“He has shown you, O mortal, what is good. And what does the Lord require of you? To act justly and to love mercy and to walk humbly with your God.” (Micah 6:8 NIV)
Across the road from my old high school, on a hill is a water tower. Each year the seniors will sneak up to it one night and write in giant numbers the year of their graduation. This year as I was driving back from the post office I looked up at the water tower and was shocked. There was a giant number 24 on it. That couldn’t be right. When I graduated there was a giant number 84 on it. It couldn’t be 40 years since I graduated high school. Surely I wasn’t that old. On the inside I sometimes still felt like an 18 year old. Where had all the years gone?

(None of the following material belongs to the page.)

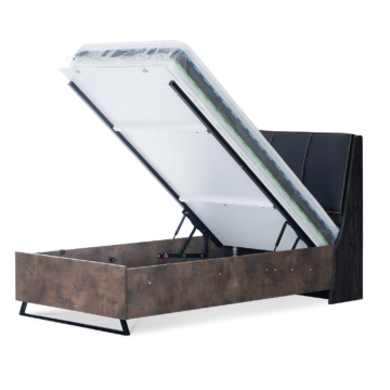 Postelja Kozmos je elegantno oblikovan kos pohištva, ki se odlikuje s temačnim dizajnom in vzglavjem prestižnega videza. Je dvižna, kar pomeni, da ponuja dodaten prostor za shranjevanje. Izdelana je iz iverne plošče, zaščitene z ABS robnim trakom, in sintetičnega usnja.

It seemed like I blinked and 40 years had flown by. As I drove home I thought about all of those years. Waves of memories washed over me. There was the fun and hard work that had been my college years. There was the early years of struggle as a young husband and father just trying to make enough money to make ends meet. There was the tears and pain when my wife and I learned first one and then both of our sons were handicapped with Autism. There was the years raising my children and learning so much about love, laughter, and life from them. There was the delight and pride in seeing my daughter graduate from the same high school and college that I did. It was such a glorious tapestry of memories full of love, fear, joy, pain, struggles and triumphs. And as I pulled into my driveway I thanked God for them all.

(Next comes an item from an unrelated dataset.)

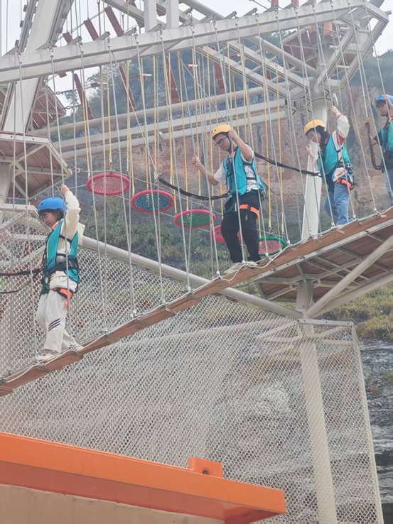 最后,三支队伍在各负责人的带领下,分别参加了彩虹滑道、矩阵探险、步步惊心等紧张又刺激的环节。彩虹滑道项目让同学们体验了速度与激情的碰撞,大家坐在特制的滑板上,从高处飞驰而下,感受着风在耳边呼啸,尖叫声与欢笑声此起彼伏,将内心的压力彻底释放。矩阵探险环节则考验了同学们的勇气与智慧,面对看似悬空的步道,同学们需要克服内心的恐惧,小心翼翼地迈出每一步,每一次成功跨越都让同学们的自信心得到极大提升。步步惊心环节更是把气氛推向了高潮,同学们行走在搭建在高空中的狭窄通道上,脚下是深不见底的“深渊”,每一步都走得胆战心惊,但彼此间的鼓励与支持让大家鼓起勇气,最终顺利通关。

I doubt I will get another 40 years of memories here. But I am determined to make the ones I do get as beautiful, loving, and joyous as possible. I want to share all the love I can, create all the joy I can, help all the people I can, and make the world a better place every chance I can. I want to laugh, sing, dance, think, feel, write, share, and live in such a way that it makes Our Heavenly Father smile. Because I know in the end those numbers on the water tower don’t really matter. Life does not end here. It goes on forever. And the best part is yet to come.